[Data block]
※ ※ ※

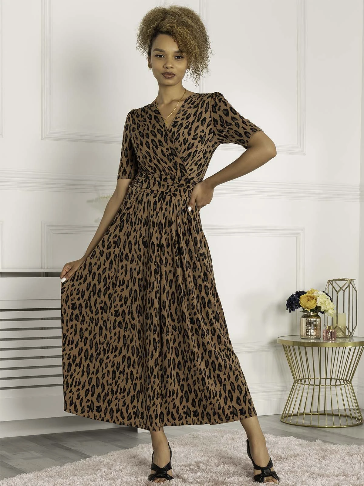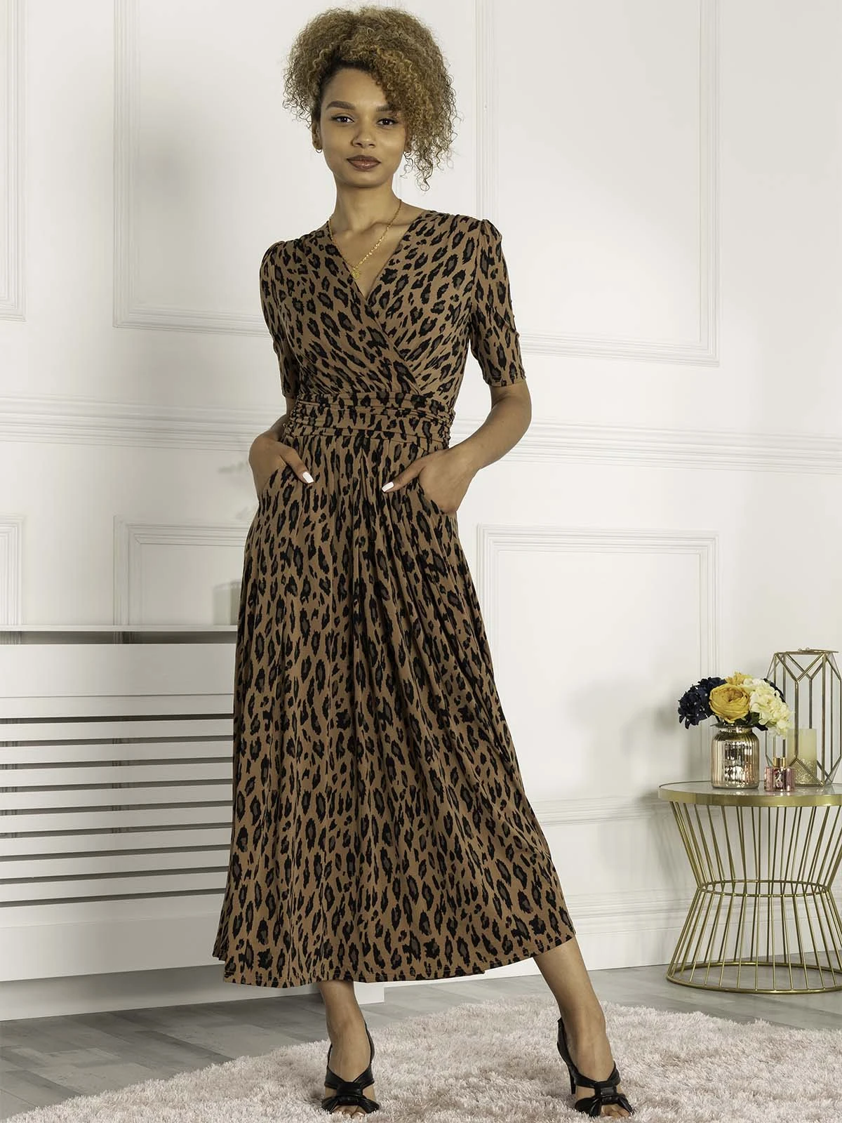 This dress from Jolie Moi makes an impact with its striking animal print and flowing maxi hem. Cut from soft and stretchy jersey fabric for long-lasting comfort, the cross-over V-neck runs into a ruched elasticated waistband that draws in your silhouette for a form-flattering shape. Finished with side pockets for easy wear, pair with anything from canvas trainers to sleek point-toe heels.
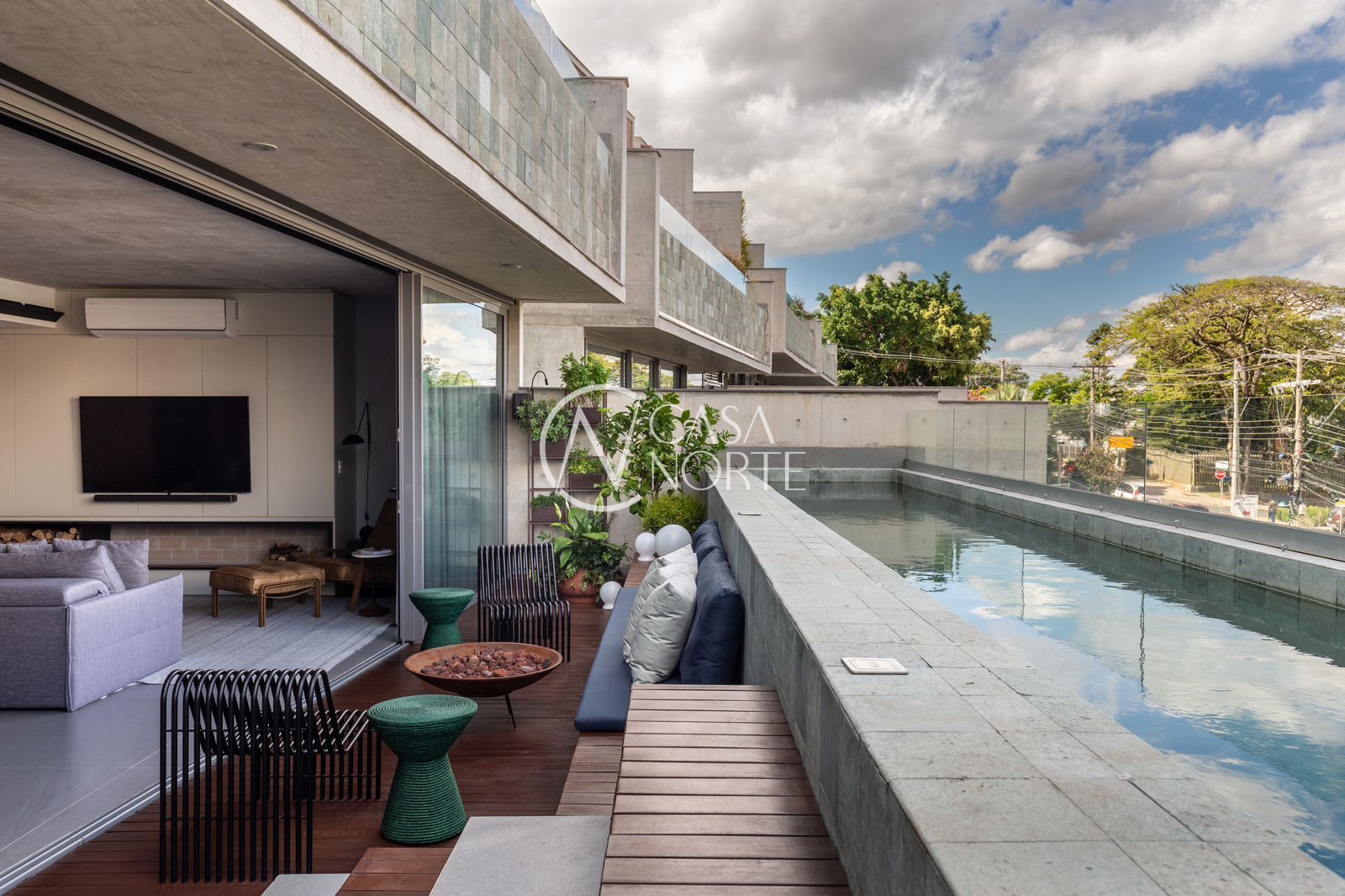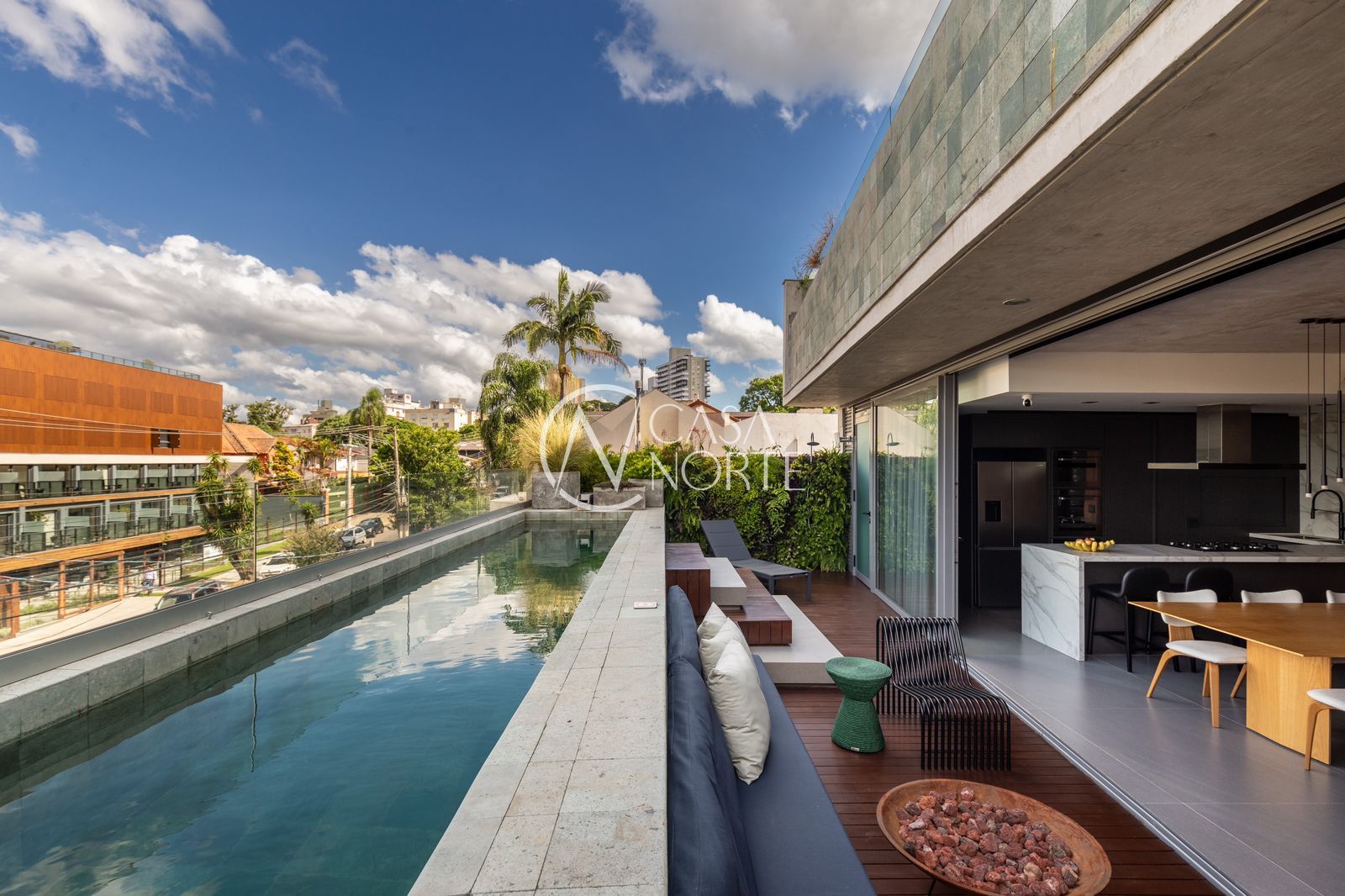 A área social é ampla, iluminada por esquadrias piso-teto e integrada à varanda com piscina privativa – ideal para momentos de convivência. A cozinha e os demais ambientes contam com móveis planejados e assinados da Todeschini, unindo sofisticação e funcionalidade.
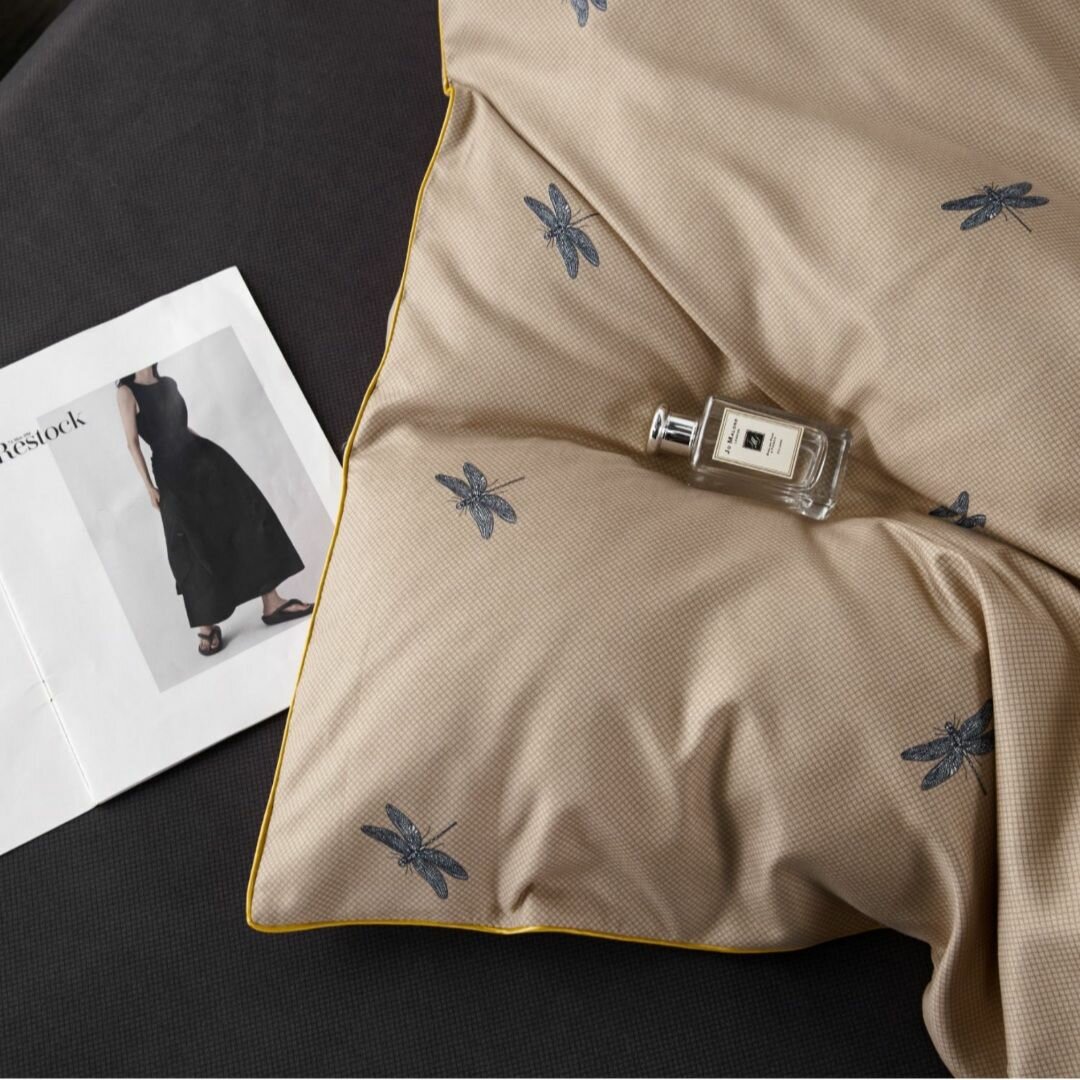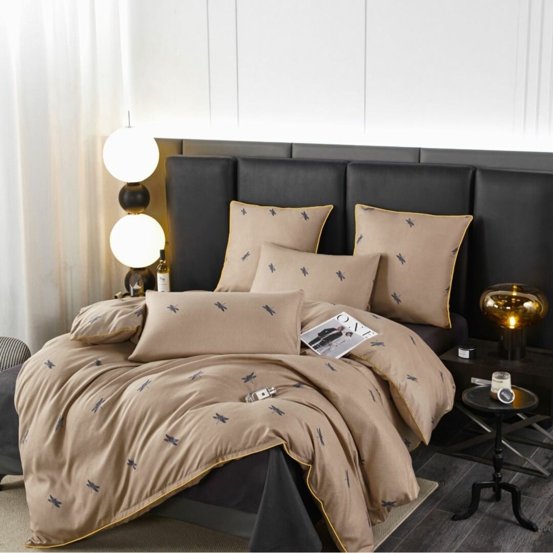 СохранитьПостельное белье Alanna, 1.5 спальное, Бархатный сатин, Стрекозы на бежевом интересное:
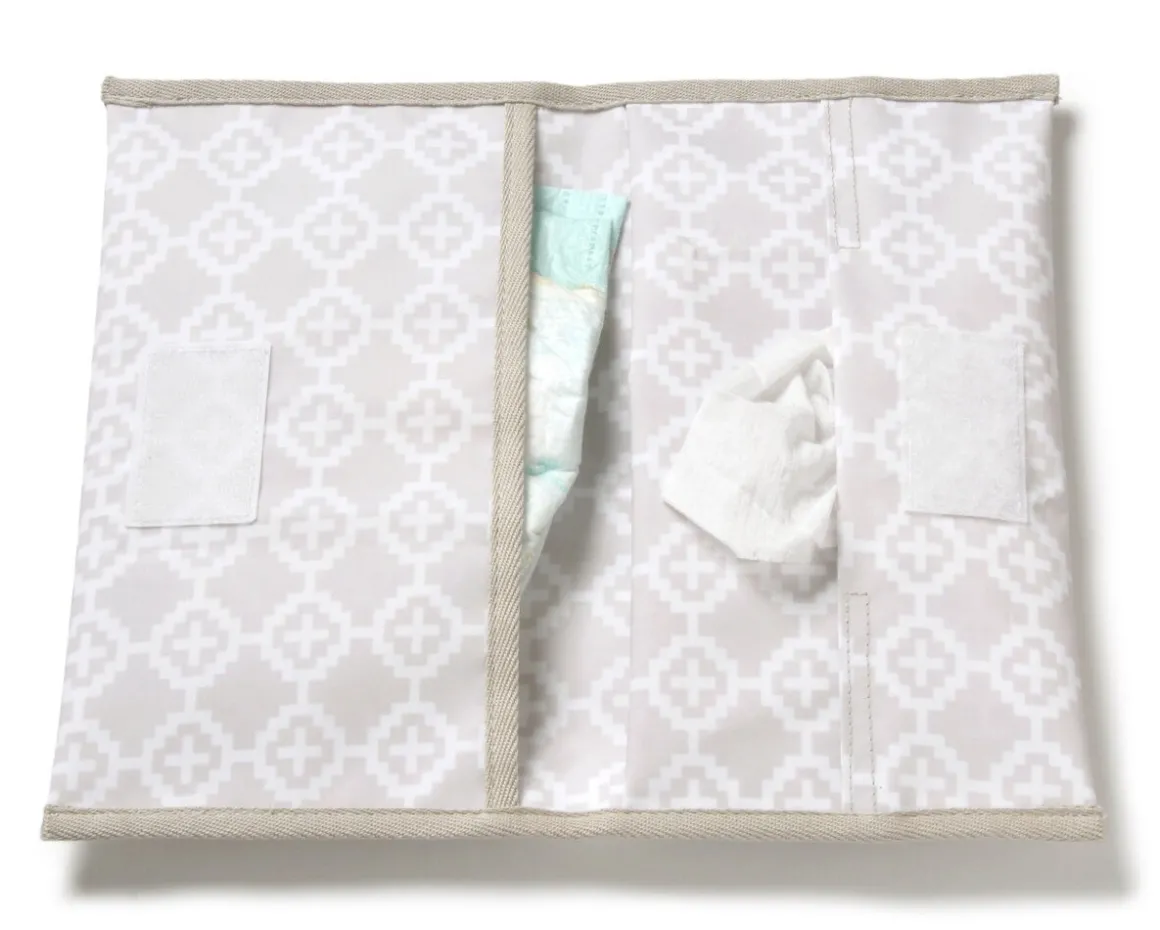 Aan de ene kant van de luieretui passen drie tot vier luiers en aan de andere kant kun je een pakje billendoekjes opbergen. Het vakje voor de billendoekjes werkt als een dispenser, door de opening trek je het billendoekje er gemakkelijk uit. De luiertui is gemaakt van duurzaam, waterdicht, 100% pvc vrij materiaal.

※ ※ ※

Pictures are to be left out, and each line from the one that contains "СохранитьПостельное белье Alanna, 1.5" through the end of the listing is to be copied exactly.

[Written solution]
 СохранитьПостельное белье Alanna, 1.5 спальное, Бархатный сатин, Стрекозы на бежевом интересное:
 Aan de ene kant van de luieretui passen drie tot vier luiers en aan de andere kant kun je een pakje billendoekjes opbergen. Het vakje voor de billendoekjes werkt als een dispenser, door de opening trek je het billendoekje er gemakkelijk uit. De luiertui is gemaakt van duurzaam, waterdicht, 100% pvc vrij materiaal.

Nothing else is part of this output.